What Happens at docker run
docker run -p 3000:3000 myapp:latest - Docker daemon checks local image cache — pulls from registry if missing
- Creates a new writable layer (Layer 4) for this container instance
- Creates a new network namespace — assigns container IP
- Creates a new PID namespace — container’s main process gets PID 1
- Sets up cgroup limits (CPU/memory from
--memory/--cpusflags) - Mounts the layered filesystem (union mount)
- Starts the container’s entrypoint process
- Port 3000 in the container → port 3000 on host (NAT via iptables)
# Watch it happen
strace -e trace=clone,unshare docker run --rm alpine echo hi 2>&1 | head -20
# unshare(CLONE_NEWUSER|CLONE_NEWPID|CLONE_NEWNET|CLONE_NEWUTS|CLONE_NEWIPC|CLONE_NEWNS) Container vs Image
An image is a static, read-only template. An container is a running instance of an image.
# Image: blueprint
docker images
# REPOSITORY TAG IMAGE ID SIZE
# myapp latest abc123 245MB
# Container: running instance from that blueprint
docker ps
# CONTAINER ID IMAGE COMMAND STATUS PORTS
# def456 myapp "node server" Up 3m 0.0.0.0:3000->3000/tcp
# Multiple containers from the same image — they share the read-only layers
docker run -d -p 3001:3000 myapp:latest
docker run -d -p 3002:3000 myapp:latest
docker run -d -p 3003:3000 myapp:latest
# Three containers, one image — shared layer storage Container Lifecycle
Created → Running → Paused → Running → Stopped → Removed
↓
Exit (process ends)
↓
Stopped (filesystem preserved, not running)
↓
Removed (filesystem gone) # Full lifecycle
docker create --name myapp myapp:latest # create without starting
docker start myapp # start
docker pause myapp # freeze (SIGSTOP to cgroup)
docker unpause myapp # resume
docker stop myapp # SIGTERM, then SIGKILL after 10s
docker rm myapp # remove filesystem
# Shortcut: run and remove on exit
docker run --rm myapp:latest node script.js Containers are ephemeral by design. Any data written inside a container is lost when it’s removed. For persistent data, use volumes.

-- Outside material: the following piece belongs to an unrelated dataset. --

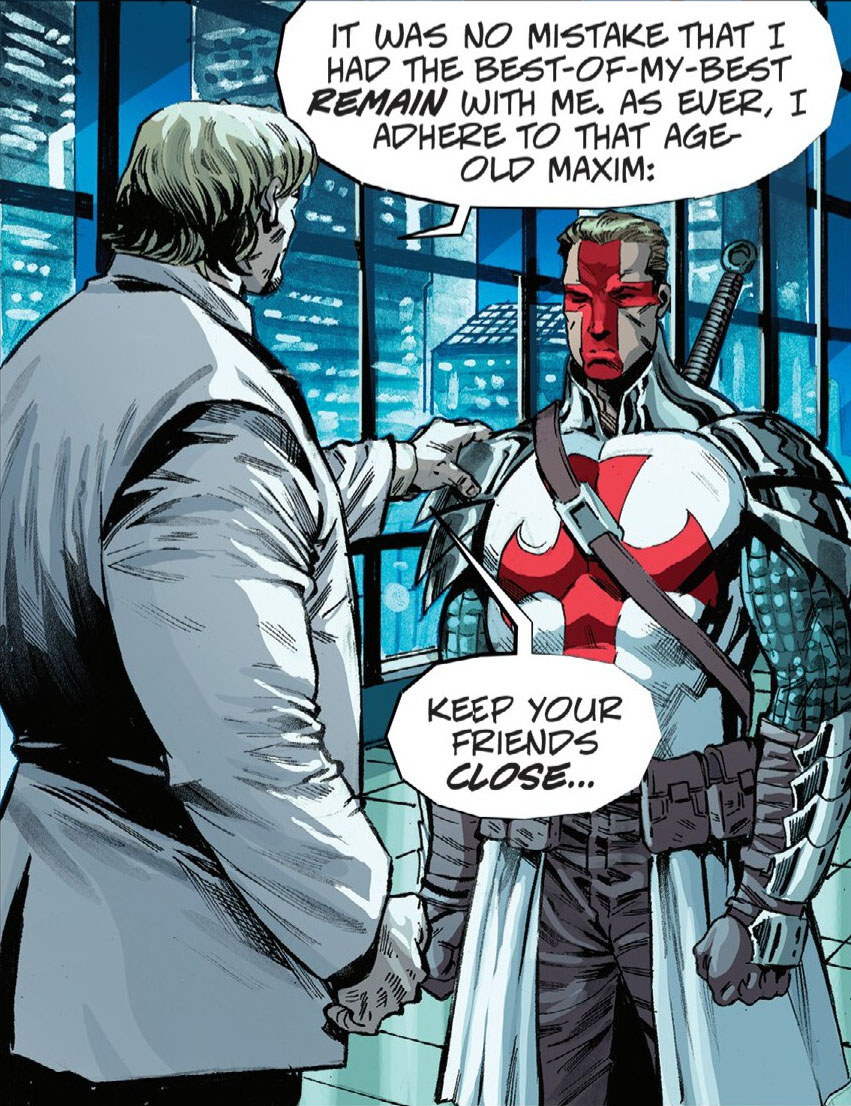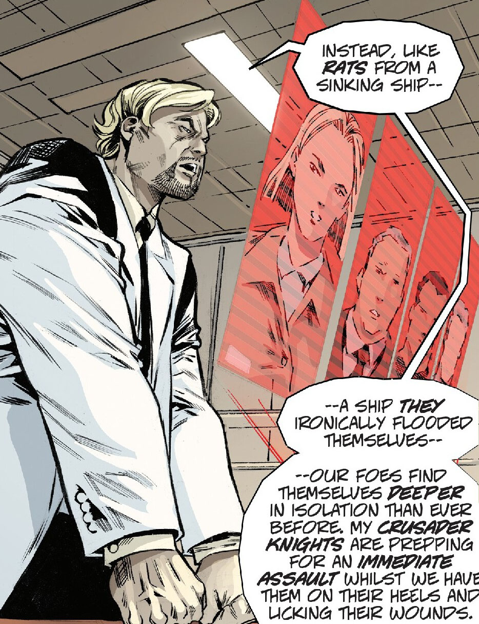 Ainsi, avec ces derniers, ils portèrent un coup décisif à la Résistance en attaquant à la fois leur quartier général et le repaire de Casey Marie. Cette dernière activa avec l’aide d’April le protocole Teddy Bear, les contraignant à se replier sur l’île de Roosevelt Island (The last ronin II #3).

Data Persistence with Volumes
# Named volume: managed by Docker, survives container removal
docker volume create pgdata
docker run -v pgdata:/var/lib/postgresql/data postgres:15
# Bind mount: host directory mounted into container
docker run -v $(pwd)/data:/app/data myapp
# tmpfs: in-memory, never written to disk
docker run --tmpfs /tmp myapp Volumes are the correct approach for database data, user uploads, and anything that must outlive a container restart. The container filesystem is for application code and runtime — not for data.